• _AIM OF THE TASK_:
Your reply should contain nothing except the lines from the one with "Um cartão de" through the end of the listing below, reproduced exactly and stripped of pictures.

• _DATA TO PROCESS_:

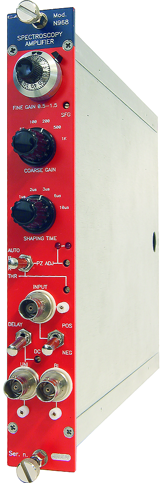 The CAEN Mod.N968 is a spectroscopy amplifier implemented in a one unit wide NIM module. It accepts the typical outputs generated from either optical feedback or resistor feedback preamplifiers connected with nuclear particle detectors. The output is Quasi-Gaussian with 0 to +10 V output dynamics.
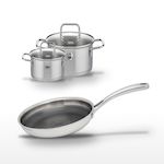 - DIMENSIONS : Poêle Ø 24cm, Faitout 16cm 1,7L, Faitout 12cm 0,6L. Idéal pour 1 à 3 personnes.
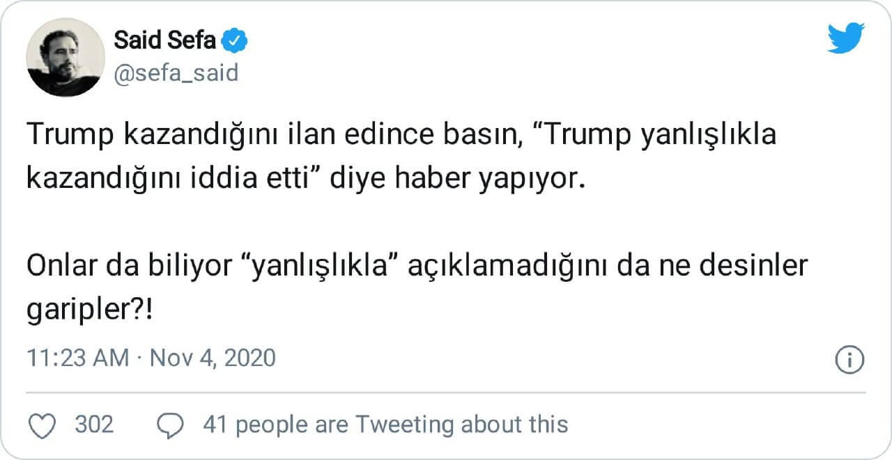 Said Sefa: “Trump kazandığını ilan edince basın, “Trump yanlışlıkla kazandığını iddia etti” diye haber yapıyor. Onlar da biliyor “yanlışlıkla” açıklamadığını da ne desinler garipler?!”
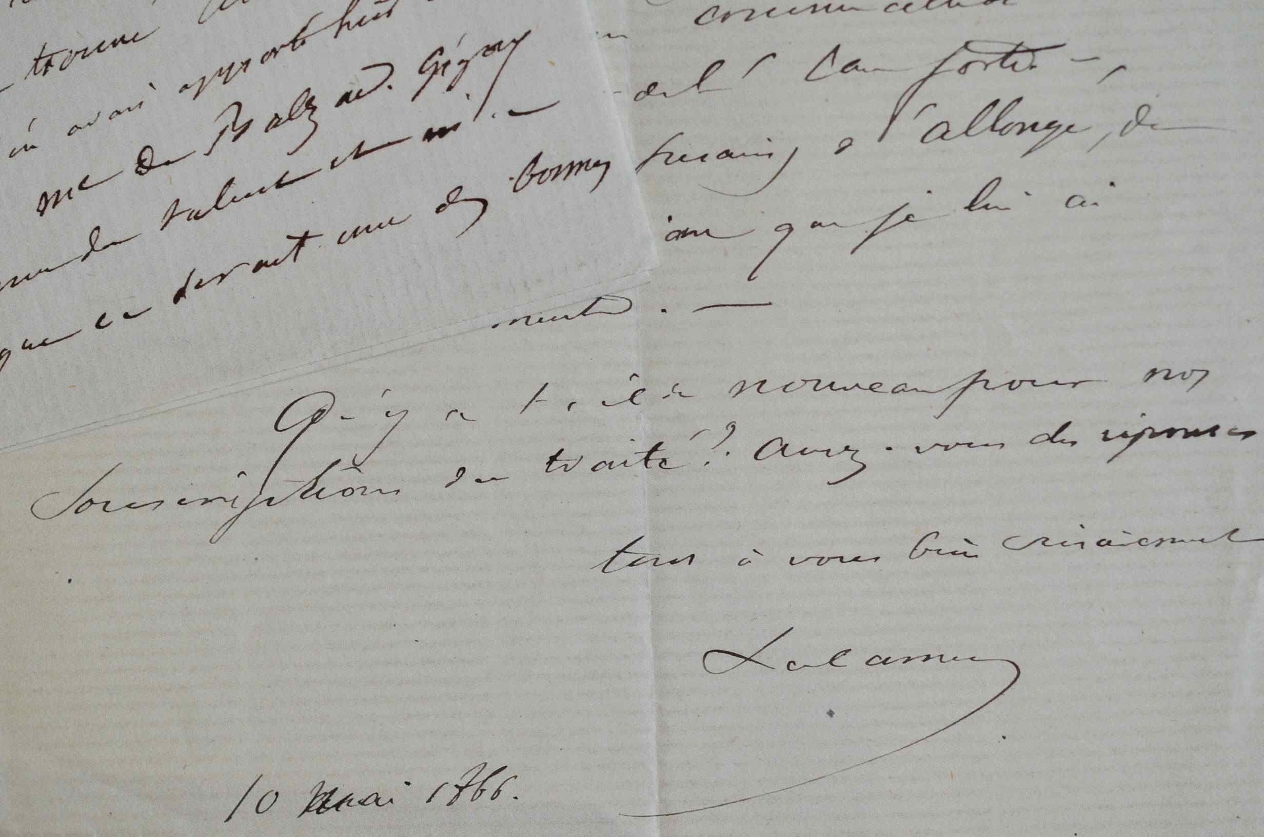 Maxime Lalanne (Bordeaux, 1827/1886)Dans une première lettre, le graveur Maxime Lalanne évoque ses travaux et invite le journaliste Albert de la Fizelière à venir les voir. D'ailleurs, son collègue, le peintre d'histoire Jean Gigoux, les apprécie beaucoup. Ce dernier vit avec la veuve d'Honoré de Balzac : «Gigoux a trouvé cette eau-forte très bonne, j'en avais apporté hier une épreuve chez Mme de Balzac. Gigoux y a reconnu le talent et m'a bien dit que ce devrait être une des bonnes de la collection, qu'il ne s'attendait pas à voir ça.» Lalanne devait représenter le parc de Mme de Balzac, un fusain désormais conservé au Musée des Beaux-Arts de Bordeaux. Dans la seconde lettre, de 1866, Lalanne remercie Fizelière pour son article et l'encourage à venir voir l'un de ses dessins exposé chez Benville, chaussée d'Antin. Il évoque également son Traité consacré à l'eau-forte.
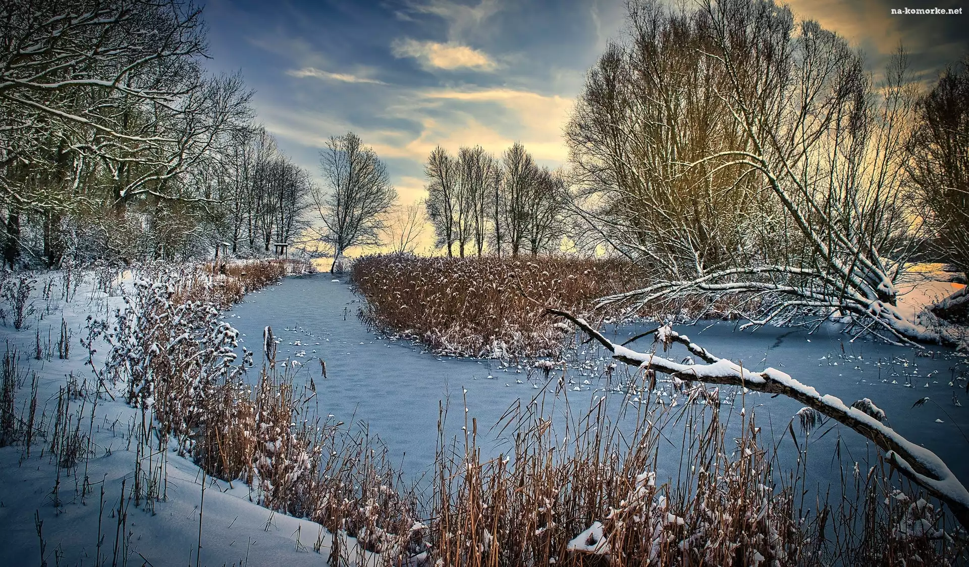 Zima, Drzewa, Szuwary, Rzeka, Trawa na Komórkę
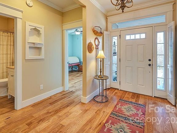 Extremely conveniently located to all things Asheville, this beautiful custom home has everything one could ask for. Access the home through the covered front porch & foyer or through the two car garage. The warm hickory flooring, vaulted ceilings and skylights invite you into the space. Easily access the kitchen, dining room and living room through the open floor plan. You'll love cozying up by the gas fireplace or reading a book in the sun-soaked sunroom. Entertain easily with lots of room to spread out. The split bedroom floor plan allows for great privacy with the secondary bedrooms on one side of the home and the primary on the other. The primary features everything you need: a jetted tub, double sinks, separate potty room, two closets, & custom tile shower. The second living quarters leaves opportunity to share a private space with guests or earn additional rental income. The year-round mountain views and mature custom landscaping are icing on the cake for this beautiful home.
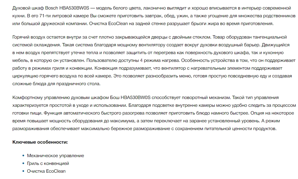 Электрический духовой шкаф Bosch (Бош) HBA530BW0S
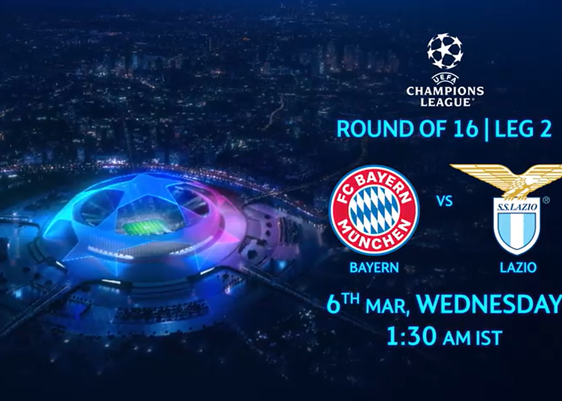 চ্যাম্পিয়নস লিগের শেষ ষোলোর দ্বিতীয় লেগে আজ মুখোমুখি বায়ার্ন মিউনিখ ও লাৎসিও। প্রথম লেগটা ১–০ গোলে জিতেছে লাৎসিও।
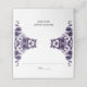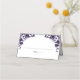 Um cartão de mesa de casamento floral roxo que inclui os nomes da noiva e do noivo junto com a data do casamento.
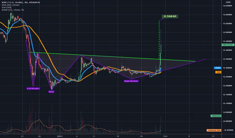 the 4hr chart ugly inverse h&s we had been watching several ideas ago waited until the very last us exchange (kraken) had suspended trading before finally confirming the breakout of this pattern...target should be around 56-57 cents. How convenient for them to wait untl the day after kraken halts trading to breakout.

• _WRITTEN REPLY_:
 Um cartão de mesa de casamento floral roxo que inclui os nomes da noiva e do noivo junto com a data do casamento.
 the 4hr chart ugly inverse h&s we had been watching several ideas ago waited until the very last us exchange (kraken) had suspended trading before finally confirming the breakout of this pattern...target should be around 56-57 cents. How convenient for them to wait untl the day after kraken halts trading to breakout.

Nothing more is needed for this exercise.